Reputation: 1
I am currently working on a house price prediction task where I have logarithmically transformed the target variable (price) due to its non-normal distribution. I am using metrics such as RMSE, MAE, and MAPE, and for model training, I utilized cross_val_score.
After obtaining predictions, I took the exponential of MAE and MAPE metrics to revert them to the original scale.
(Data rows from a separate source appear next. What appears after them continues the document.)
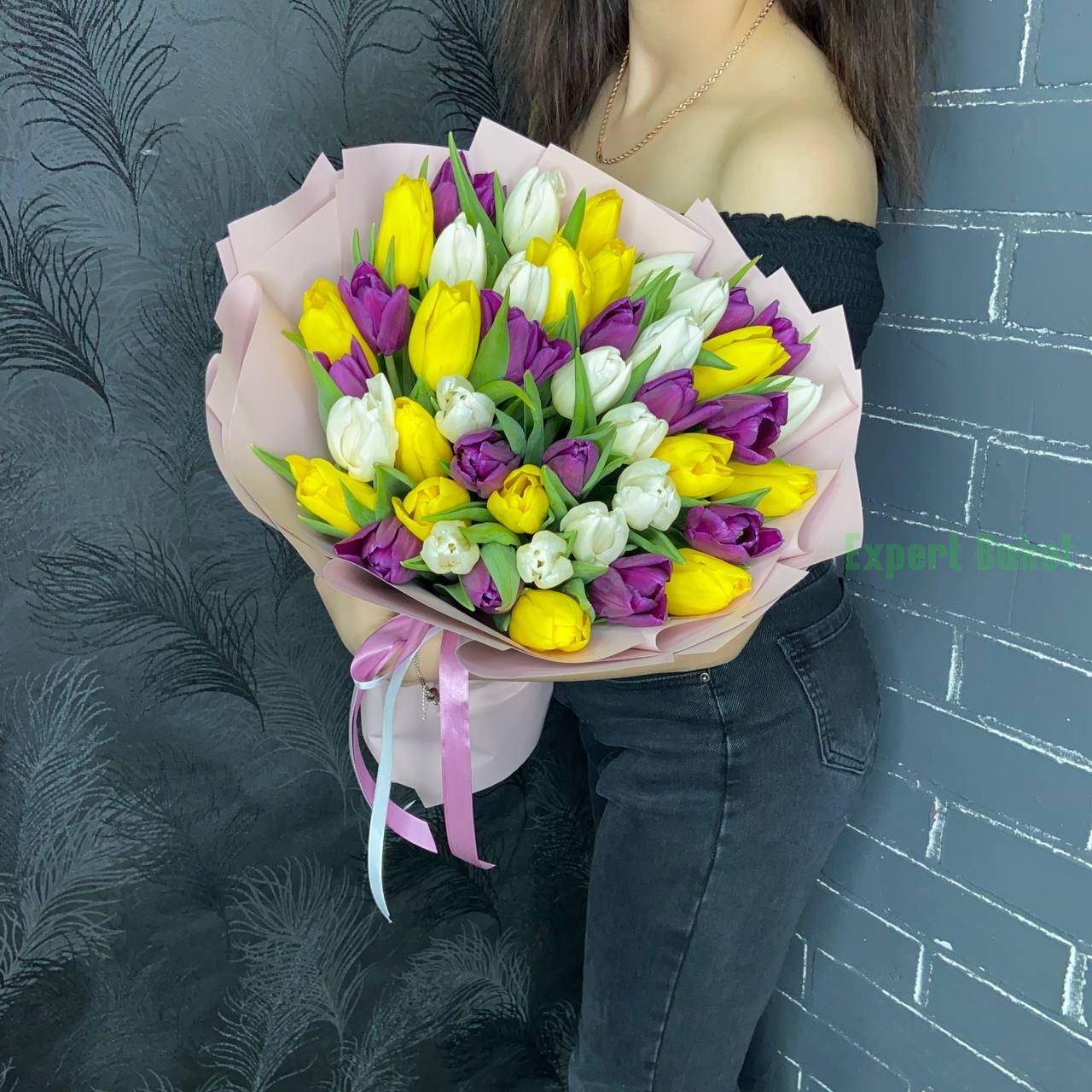 Состав: Тюльпаны - 45 шт. Упаковка дизайнерская.
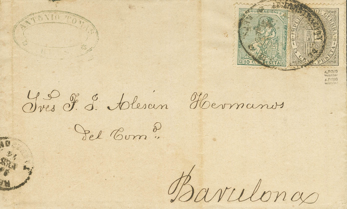 133, 141. 1874. 10 cts verde y 5 cts negro de Impuesto de Guerra. REUS a BARCELONA. Matasello ADMINISTRACION DE CORREOS / REUS (regular estampación). MAGNIFICA Y RARISIMA.
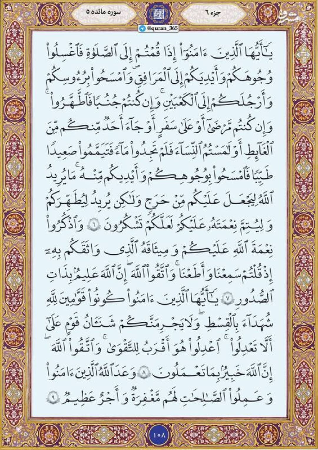 در ادامه جزء ششم قرآن کریم، صفحه ۱۰۸ شامل آیات ۶ تا ۹ سوره مبارکه مائده تقدیم میشود.
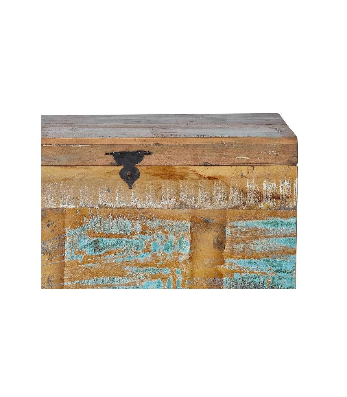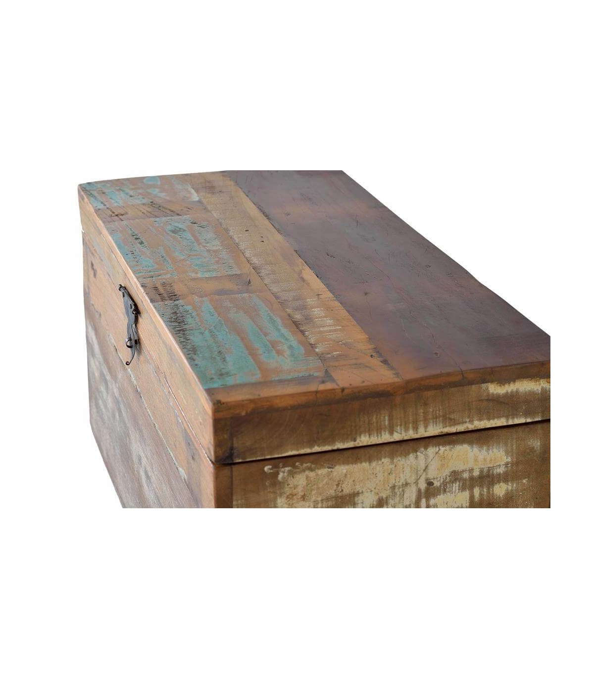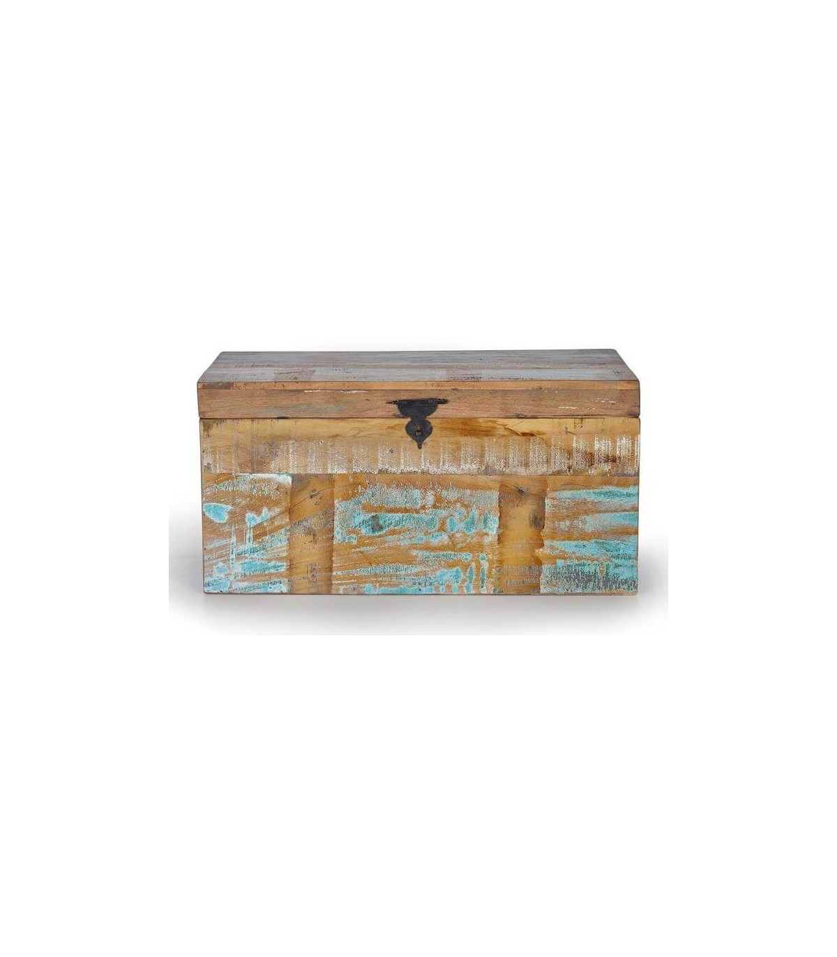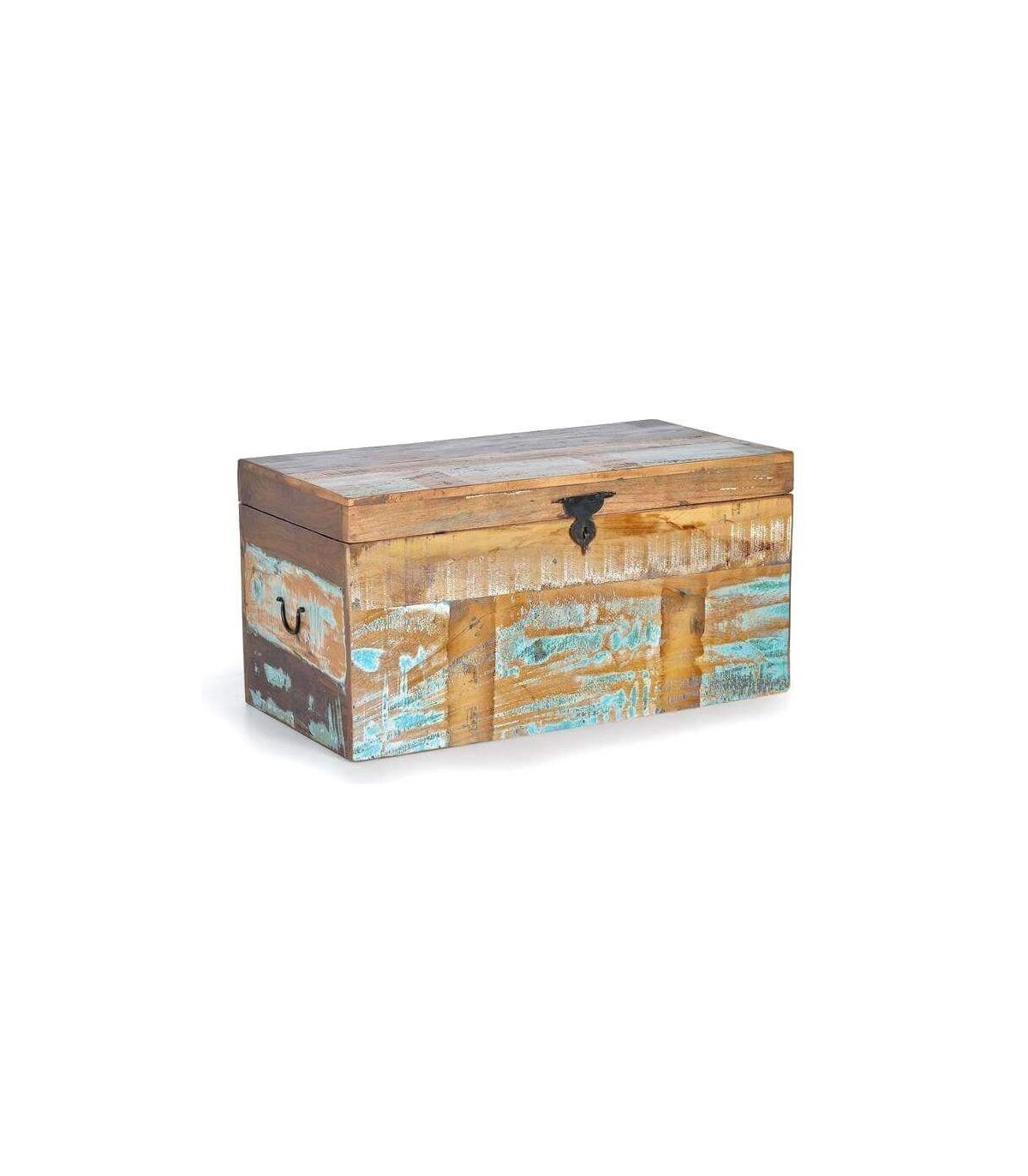 Baúl de nuestra colección de muebles Mares, una colección realizada en madera maciza reciclada 100% tratada, con la peculiaridad de el decapado en multicolor que le da un aspecto fresco y mediterraneo y la aplicación del metal negro que le da un aire industrial vintage, sin duda un muble que será el centro de atención en tu decoración.

However, I encountered unexpectedly small values; both metrics were equal to 1. I suspect that these values are incorrect.
kf = KFold(n_splits=5, random_state=42, shuffle=True)
def rmse_cv(model):
mse_scorer = make_scorer(mean_squared_error)
rmse = np.sqrt(cross_val_score(model, train, y_train, scoring=mse_scorer, cv=kf))
return rmse
def mae_cv(model):
mae_scorer = make_scorer(mean_absolute_error)
mae = cross_val_score(model, train, y_train, scoring=mae_scorer, cv=kf)
return mae
def mape_cv(model):
mape_scorer = make_scorer(mean_absolute_percentage_error)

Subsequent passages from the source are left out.